DATA:
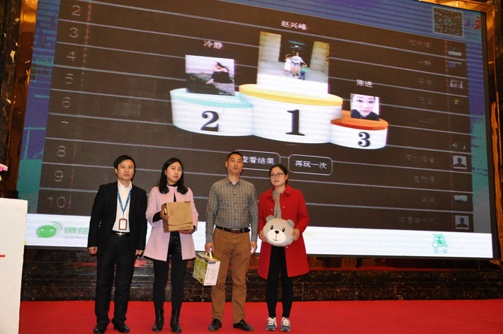 商務經(jīng)理符昌榮先生和劉阿梅女士為互動游戲獲獎企業(yè)家們頒獎留念
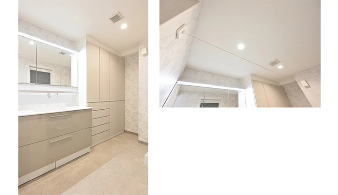 洗面室はスペースを拡張し、リネンや下着などを収納できる大容量の収納を設けました。リビング・ダイニングから廊下に出ることなくアクセスができるので、家事の効率が上がり、特に奥さまに喜ばれています。使用するときだけ引き出して使えるワイヤー式の物干しは、室内干しや乾いた洗濯物の一時がけなどの際に重宝します。
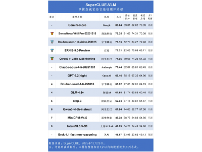12月31日消息,近日,SuperCLUE-VLM多模态视觉语言基准测评12月总榜公布。 谷歌的Gemini-3-pro以83.64分遥遥领先,字节跳动的豆包大模型以73.15分跻身前三,展现出国内大模型的竞争力。 此次
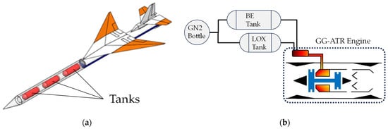 Figure 1 presents an overview of the small-scale supersonic flight experiment vehicle and propulsion system targeted in this research [,]. In addition, Table 1 presents the general specification of this experimental vehicle []. As depicted in Figure 1, the tanks for BE (fuel) and LOX (oxidizer) are installed on the aircraft, and BE and LOX are supplied to the engine via pressurization with nitrogen gas (GN2). Based on an analysis of the engine system, the BE and LOX flow rates during rated operation were determined to be 36 L/min and 12 L/min, respectively.
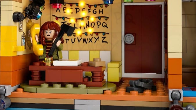 Ganz LEGO-typisch ist in dem „Stranger Things“-Set alles dabei, was das Fanherz begehrt. Besonders, wenn man etwas genauer hinschaut. So besitzt das Modell die ikonische Alphabet-Wand mit Leuchtfunktion, die Flugblätter mit dem Vermissten-Aufdruck und sogar die Bärenfalle für den Demogorgon! Ebenfalls dabei ist das Regelbuch für DnD und der Zauberhut von Will, dem Weisen samt passender Porträtzeichnung.
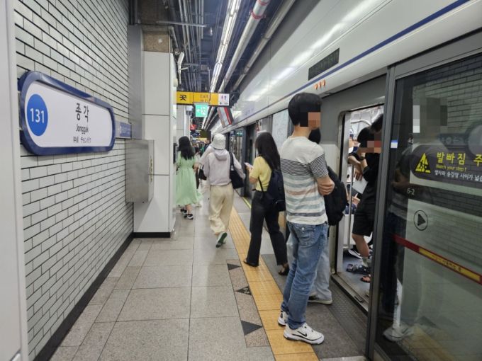 13일 오전 서울 종로구 1호선 종각역에서 시민들이 지하철에서 내리고 있다./사진=박상혁 기자. |
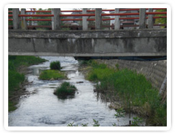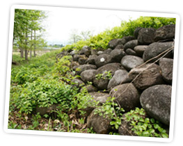 兼続の指揮で松川左岸に治水のために造った堤防。農業用水が不足を補うために、兼続は堰や用水路の建設に力を注いぎました。
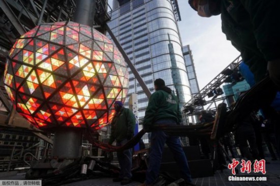 资料图:2020年12月30日,美国纽约,跨年夜在即,工作人员对纽约时代广场的水晶球进行测试。
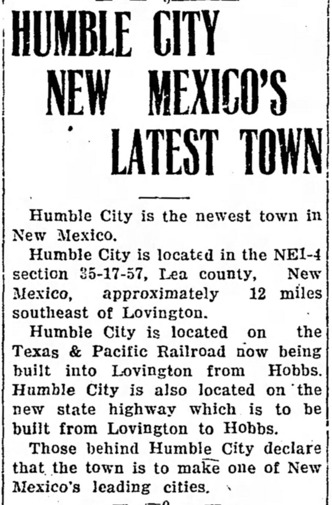Humble oil company did a good bit of exploration in the early days of the Hobbs oilfield. Humble City was founded about 1930 and had a post office for about 46 years.
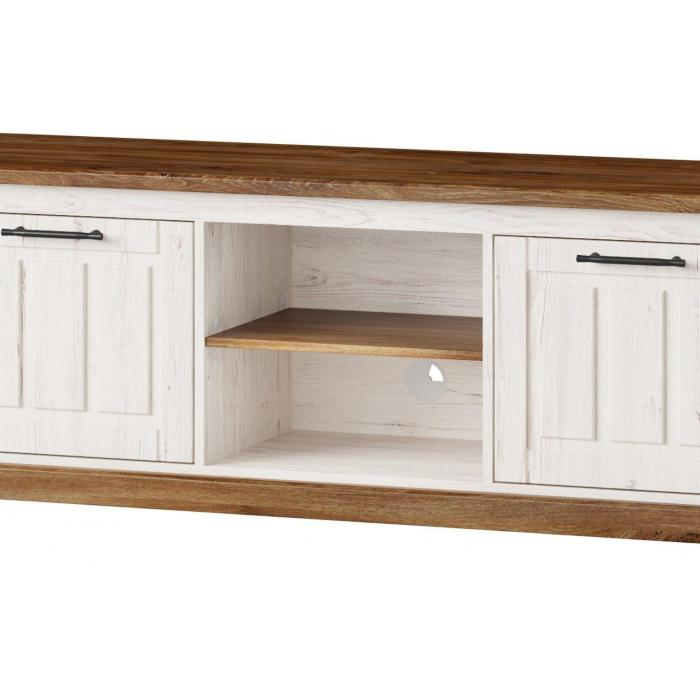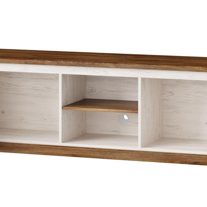 Szafka rtv Country 25 w nietypowym wydaniu kolekcji Country. Jeśli marzysz o wnętrzu w stylu prowansalskim, jeśli lubisz klasyczne bryły i zdobienia to ta kolekcja jest właśnie dla Ciebie. Niezwykle stylowy mebel, który sprawdzi się w pomieszczeniach w stylu prowansalskim oraz klasycznym. Idealna kompozycja kolorystyczna dębu stirling z sosną andersen nadaje meblowi lekkości. Szafka rtv posiada uniwersalne drzwi - dzięki czemu pasuje do każdego salonu lub jadalni.
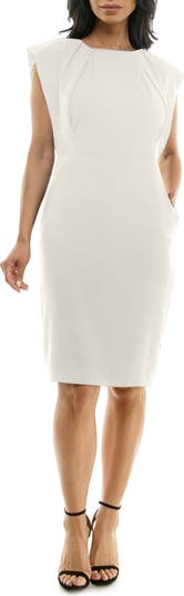 Pleats at the neckline, fluttery cap sleeves and side-seam pockets frame this versatile sheath that'll take you from desk to dinner with ease.
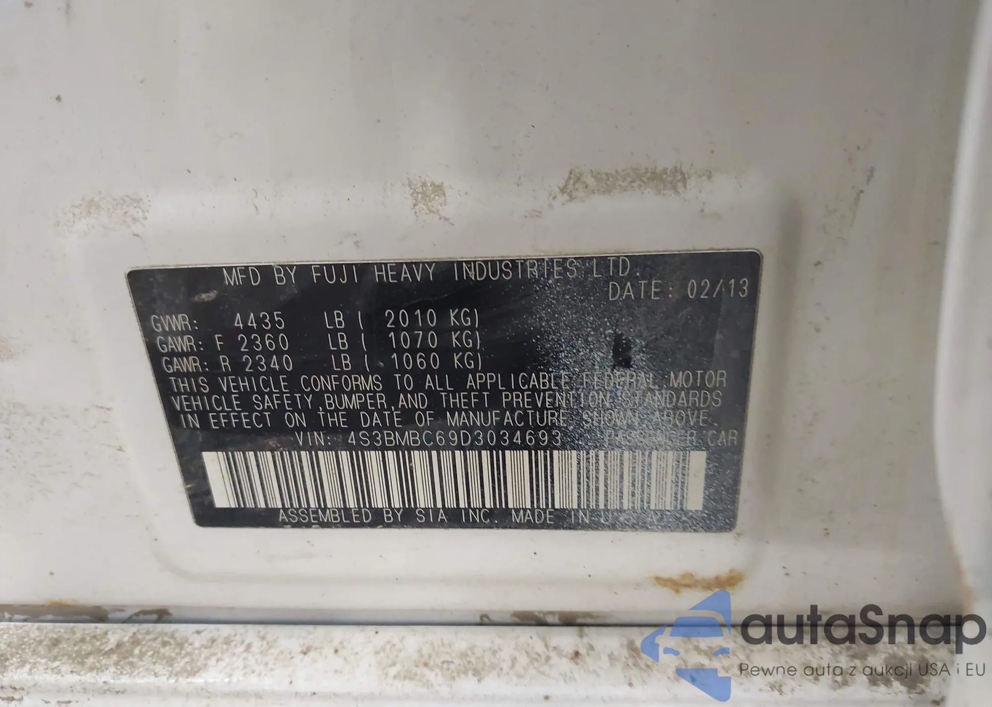 LOT: 44053946 VIN: 4S3BMBC69D3034693

WHAT THE EXERCISE ASKS:
Return the lines above from the one with "Ganz LEGO-typisch ist" through the one with "资料图:2020年12月30", verbatim and nothing else. Omit every picture.

ANSWER BELOW:
 Ganz LEGO-typisch ist in dem „Stranger Things“-Set alles dabei, was das Fanherz begehrt. Besonders, wenn man etwas genauer hinschaut. So besitzt das Modell die ikonische Alphabet-Wand mit Leuchtfunktion, die Flugblätter mit dem Vermissten-Aufdruck und sogar die Bärenfalle für den Demogorgon! Ebenfalls dabei ist das Regelbuch für DnD und der Zauberhut von Will, dem Weisen samt passender Porträtzeichnung.
 13일 오전 서울 종로구 1호선 종각역에서 시민들이 지하철에서 내리고 있다./사진=박상혁 기자. |
 兼続の指揮で松川左岸に治水のために造った堤防。農業用水が不足を補うために、兼続は堰や用水路の建設に力を注いぎました。
 资料图:2020年12月30日,美国纽约,跨年夜在即,工作人员对纽约时代广场的水晶球进行测试。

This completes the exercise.